My non-linear family tree. (Click to enlarge.)
- Actually, she's my half-sister. I also have two step-siblings, two step-nieces, a non-biological grandmother equivalent, and whatever my half-sister's half-brother counts as. (My quarter-brother?)
- There is no such thing as a normal family.
- I have been blogging for 6 years, 237 days.
- If you're looking for archives from more than 2 years, 237 days ago, though, you won't find them here. I completely rebooted my blog in 2005.
- I do still have those entries. But I have no desire at all to share them.
- Everything on this site, with the exception of MediaWiki, is managed through my perpetually-beta DIY blogware, which I call "BlogHead".

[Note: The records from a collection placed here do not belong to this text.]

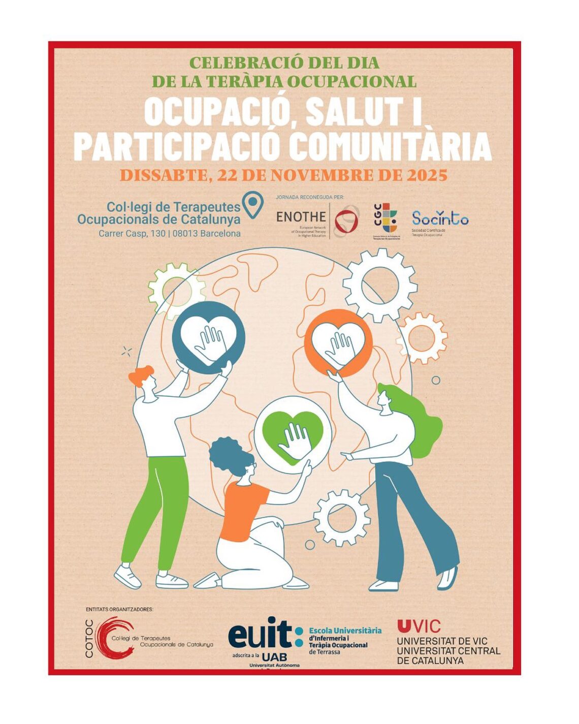 El acto se llevará a cabo en el Colegio de Terapeutas Ocupacionales de Catalunya (COTOC), organizado conjuntamente con la EUIT (Centro Universitario adscrito a la UAB) y la UVic – Universidad Central de Cataluña. Será un espacio para reflexionar, compartir experiencias y continuar poniendo la Terapia Ocupacional en acción al servicio de las personas y las comunidades.
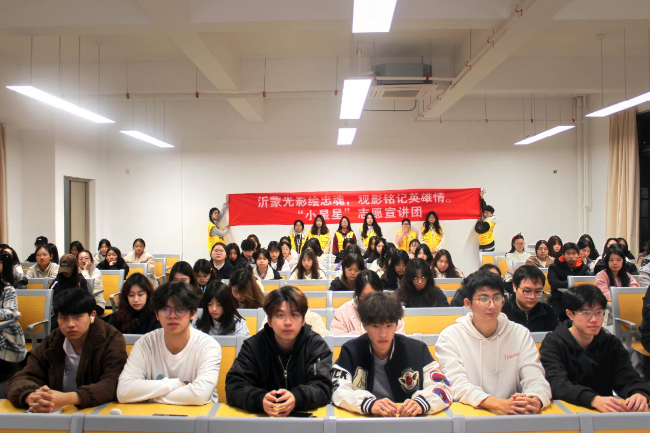 为深入学习宣传贯彻习近平新时代中国特色社会主义思想和党的二十届三中全会精神,引导动员青少年学生大力弘扬沂蒙精神。2024年12月12日,国际商学院“小星星”志愿宣讲团在福州外语外贸学院滨海校区开展“沂蒙光影绘忠魂,观影铭记英雄情”沂蒙精神主题观影活动。
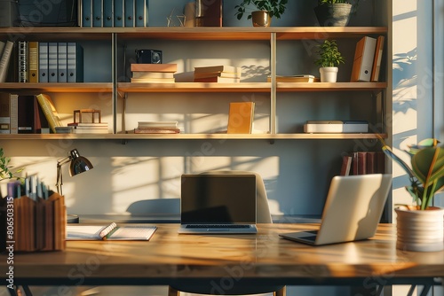 close up minimalistic Clean and tidy workspace with soft background with organized desk and shelves
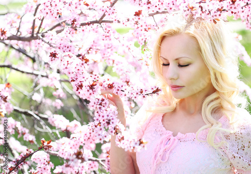 © Guzel Studio, Fototapeta premium Blonde Girl with Cherry Blossom. Spring Portrait.
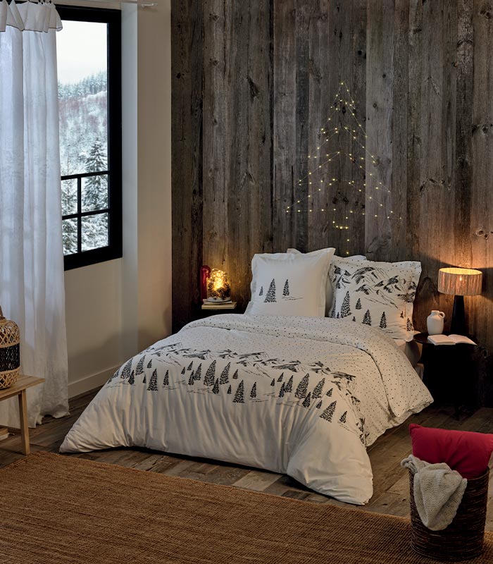 Plongez dans une ambiance feutrée avec ce linge de lit au style montagne.

- BlogHead is essentially an overgrown comment script, but I have to say, it works remarkably well for what it is.
- I was once attacked by feral dogs in İstanbul.
- Now I'm immune to rabies! It's like a superpower!
- If I could have any superpower I could think of, apart from the rabies thing... I would probably get greedy.
- I write, but feel awkward about calling myself a writer.
- I was hoping to finish my first novel, Fear Sweeney, by 1st November 2007, which would have been its fifth birthday. Ah well.
- I wrote the first draft during NaNoWriMo 2002.
- I shopped around an almost-final draft in 2006, but I came to realize it wasn't quite ready.
- Form rejections make great bookmarks.
- There is a cat on my lap right now.
- Her name is Александра Кочковна Паша.
- Actually, her name is Sasha. But I like calling her Александра Кочковна to confuse her.
- Sasha is an indoor cat who somehow got locked out of the house and spent seven weeks this summer fending for herself.
- A week or two after she turned up in the back yard again, we managed to lure her back into the house.
- Immediately on getting home, she reverted to her indoor cat personality. Cats are weird!
- I realize I just wasted six of my facts on my cat, but come on, this is the Internet. What else is it for, if not for talking about cats?
- I used to be a dog person.
- I was already more or less converted when the whole "wild Turkish dogs" thing happened. That kind of put the kibosh on the dog person thing.
- Don't get me wrong, I still like dogs. In moderation.